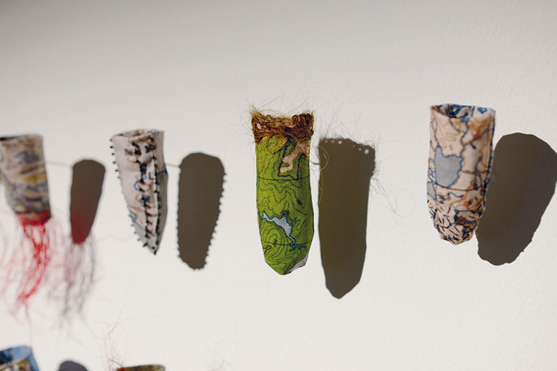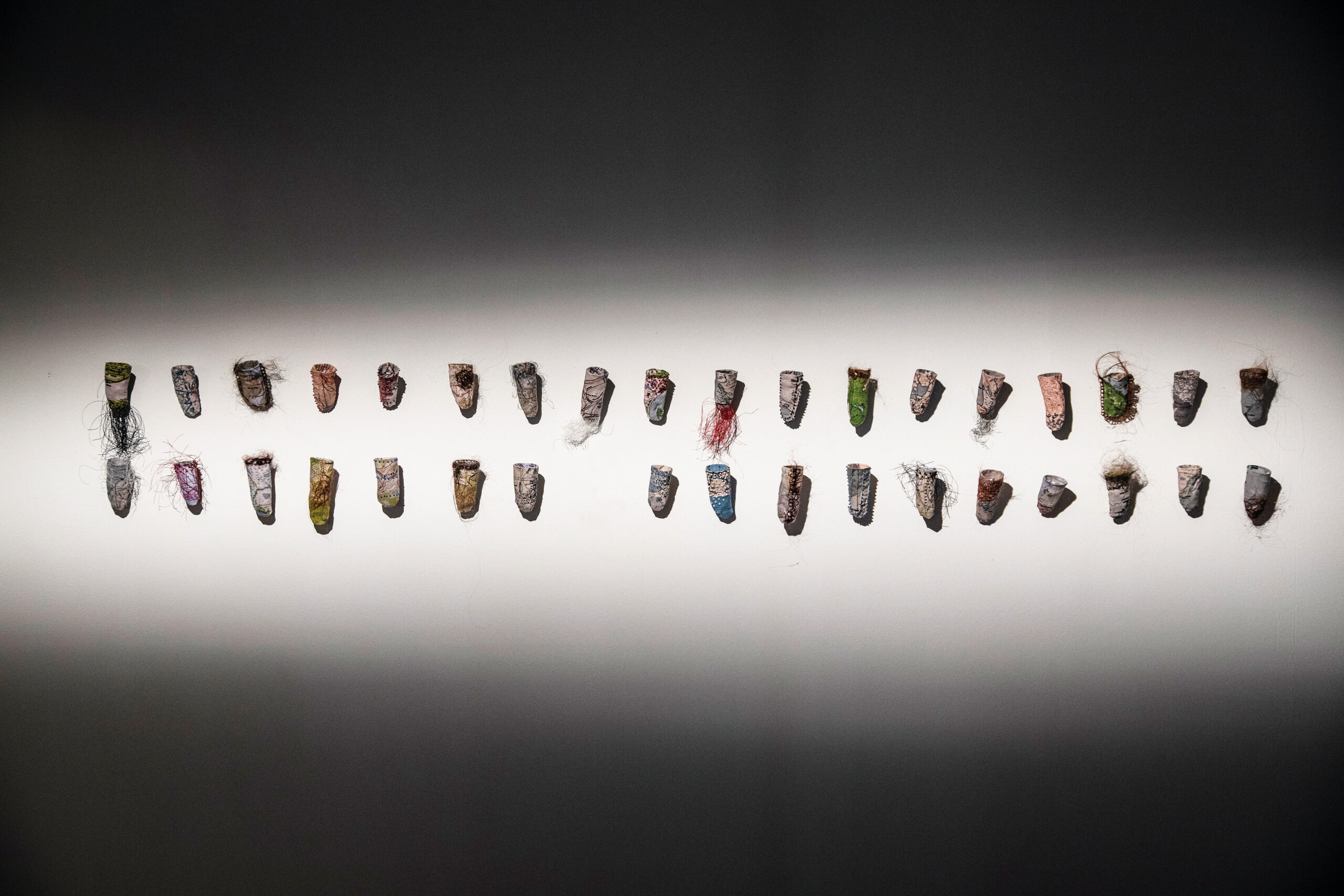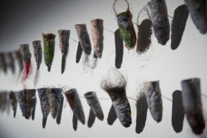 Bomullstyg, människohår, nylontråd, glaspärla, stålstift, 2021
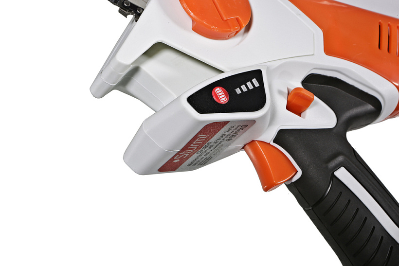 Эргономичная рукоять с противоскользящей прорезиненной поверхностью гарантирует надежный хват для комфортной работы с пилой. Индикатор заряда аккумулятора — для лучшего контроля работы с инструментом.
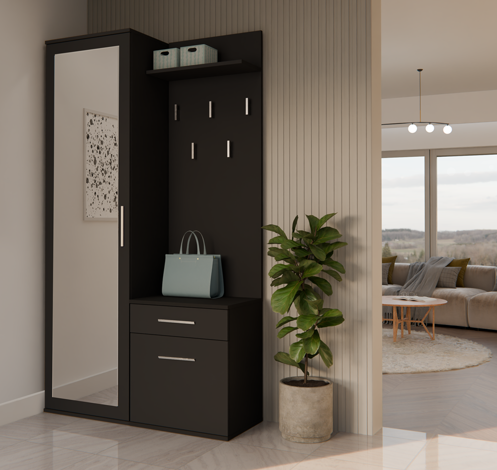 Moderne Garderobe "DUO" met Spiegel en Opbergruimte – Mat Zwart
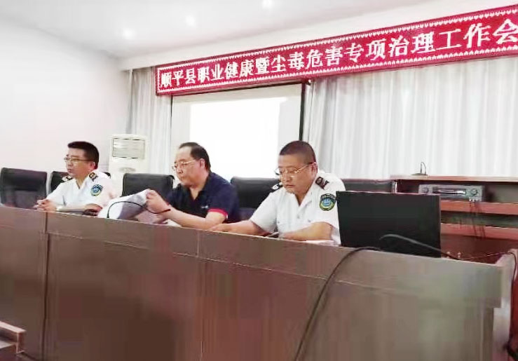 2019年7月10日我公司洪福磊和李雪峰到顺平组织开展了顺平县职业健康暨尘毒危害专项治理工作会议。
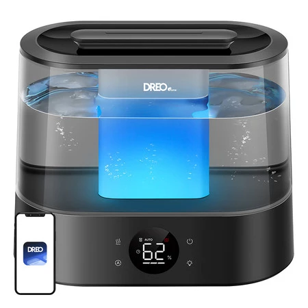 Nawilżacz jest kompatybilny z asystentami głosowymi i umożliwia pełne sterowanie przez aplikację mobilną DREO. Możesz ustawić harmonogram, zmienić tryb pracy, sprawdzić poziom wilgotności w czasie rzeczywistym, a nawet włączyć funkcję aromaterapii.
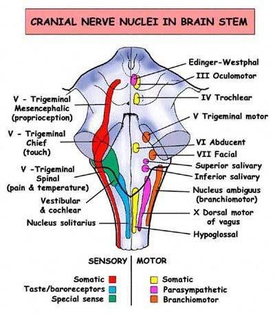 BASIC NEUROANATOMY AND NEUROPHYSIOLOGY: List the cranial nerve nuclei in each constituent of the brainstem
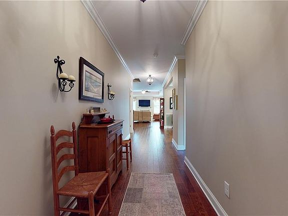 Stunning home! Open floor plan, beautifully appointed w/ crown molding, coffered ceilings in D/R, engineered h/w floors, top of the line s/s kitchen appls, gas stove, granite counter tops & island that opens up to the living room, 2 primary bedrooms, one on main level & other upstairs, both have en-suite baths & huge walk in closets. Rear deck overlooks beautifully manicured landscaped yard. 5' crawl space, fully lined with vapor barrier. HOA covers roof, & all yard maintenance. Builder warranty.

+===+

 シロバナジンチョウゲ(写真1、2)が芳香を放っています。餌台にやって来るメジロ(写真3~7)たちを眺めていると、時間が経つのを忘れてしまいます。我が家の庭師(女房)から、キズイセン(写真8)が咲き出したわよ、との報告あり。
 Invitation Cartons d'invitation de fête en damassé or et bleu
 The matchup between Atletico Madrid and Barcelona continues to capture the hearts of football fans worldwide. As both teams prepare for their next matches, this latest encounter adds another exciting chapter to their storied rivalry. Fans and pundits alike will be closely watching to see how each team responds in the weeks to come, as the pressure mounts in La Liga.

+===+

Can you repeat, word for word, every line above from the one containing "Invitation Cartons d'invitation" down to the one containing "The matchup between", including both?

 Invitation Cartons d'invitation de fête en damassé or et bleu
 The matchup between Atletico Madrid and Barcelona continues to capture the hearts of football fans worldwide. As both teams prepare for their next matches, this latest encounter adds another exciting chapter to their storied rivalry. Fans and pundits alike will be closely watching to see how each team responds in the weeks to come, as the pressure mounts in La Liga.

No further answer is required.